To make a few examples: on many distributions you get 1024 as the file limits, 4KB of shared memory (shmall) and Nagle's algorithm is enabled by default.

Another thing that we noticed at work (shameless plug to getstream.io) when it comes to tail latency for APIs / HTTP services:

- TLS over HTTP is annoyingly slow (too many roundtrips)

- Having edge nodes / POPs close to end-users greatly improves tail latency (and reduces latency related errors). This works incredibly well for simple relays (the "weak" link has lower latency)

- QUIC is awesome

3 comments

> 1024 as the file limits

https://0pointer.net/blog/file-descriptor-limits.html is a good overview of the unfortunate reason why this is and how it should be handled.

That fails to note that `FD_SETSIZE` only applies if you're statically allocating your sets and rely on the libc defaults. If you do dynamic allocation (or, on some libcs, if you define the macro before including headers), you can select() a million FDs just fine.

It's still a bad idea for performance reasons (though `poll` can actually be worse on dense sets), but it's not actually the open-file limit that's the problem.

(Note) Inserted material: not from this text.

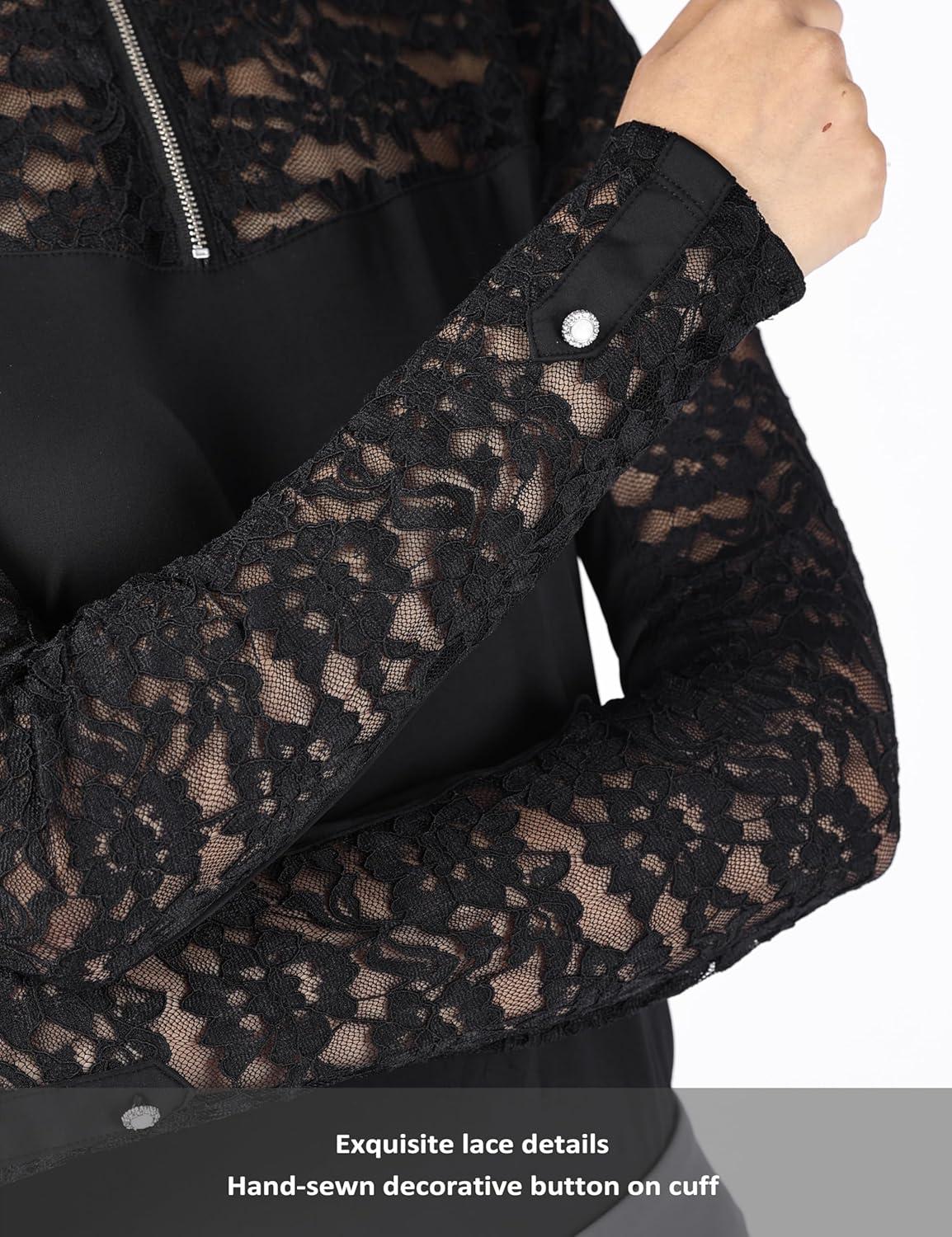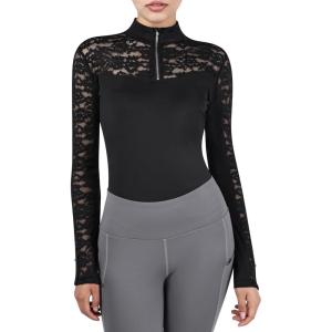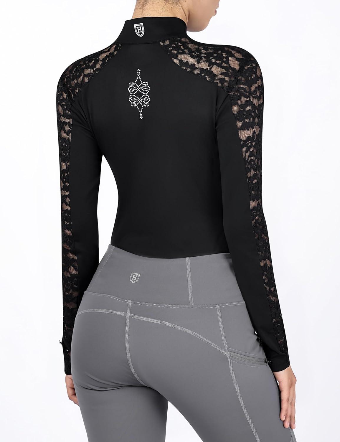 Harrison Howard Ladies Long Sleeve Lace Rider Top with Exquisite Lace Spliced Sleeves Slim Fit Show Shirt(Black)

I don't think it fails to address that in a way that matters. The fact is that the default is still 1024. If you have bumped the side at build time it dynamically allocate them then you are more than welcome to bump the soft limit to the hard limit at the start of your program. (And set it back to the default before you exec anything else)
> QUIC is awesome

It would've been more awesome if it supported BBR for congestion control. QUIC gains in practice can be annihilated just by not having BBR implemented in the protocol, so sometimes QUIC could be even slower than HTTP2 over TCP (if TCP is properly configured).

In my experience QUIC is worse than TCP in a heterogeneous environment when optimizing for throughput. The added CPU usage from user space packet switching is a big factor for battery powered devices and congestion control lives its own life which often means it doesn’t get its fair share of bandwidth in the presence of TCP traffic.

I think QUIC can be awesome, and I hope it will. But I wouldn’t say we’re there yet. Low level kernel-adjacent things takes time. Networks are extremely heterogeneous and weird. Maybe in 5-10 years.

In the short-medium term, I think we could get much more bang for the buck if there was an easy way to improve the defaults on Linux and/or its distros.

FYI quic is compatible with bbr, and at least the google and msft quic implementations have bbr (albeit not by default afaik).
That honestly just makes me think: Is there a distro where this isn't the case? Where the defaults are set up for performance in a modern server context, with the expectation that the system will be admin'd by someone technical who knows the tradeoffs? Heck, the decisions + tradeoffs can all be documented in docs.

Is there a reason I'm missing why this wouldn't be worth jumping on?